== Data block ==
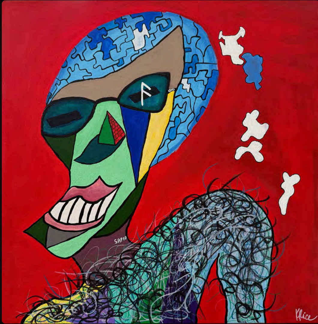
"The Sapio Effect"
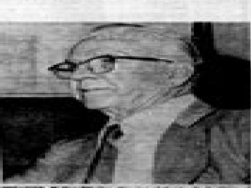
Mr. [Name], [Title], [Organization], [Address], [City], [State], [Zip].
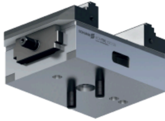
Mounting with two screws
===
» Work to complete
Write the data above out again exactly, minus its pictures.

» Response
"The Sapio Effect"
Mr. [Name], [Title], [Organization], [Address], [City], [State], [Zip].
Mounting with two screws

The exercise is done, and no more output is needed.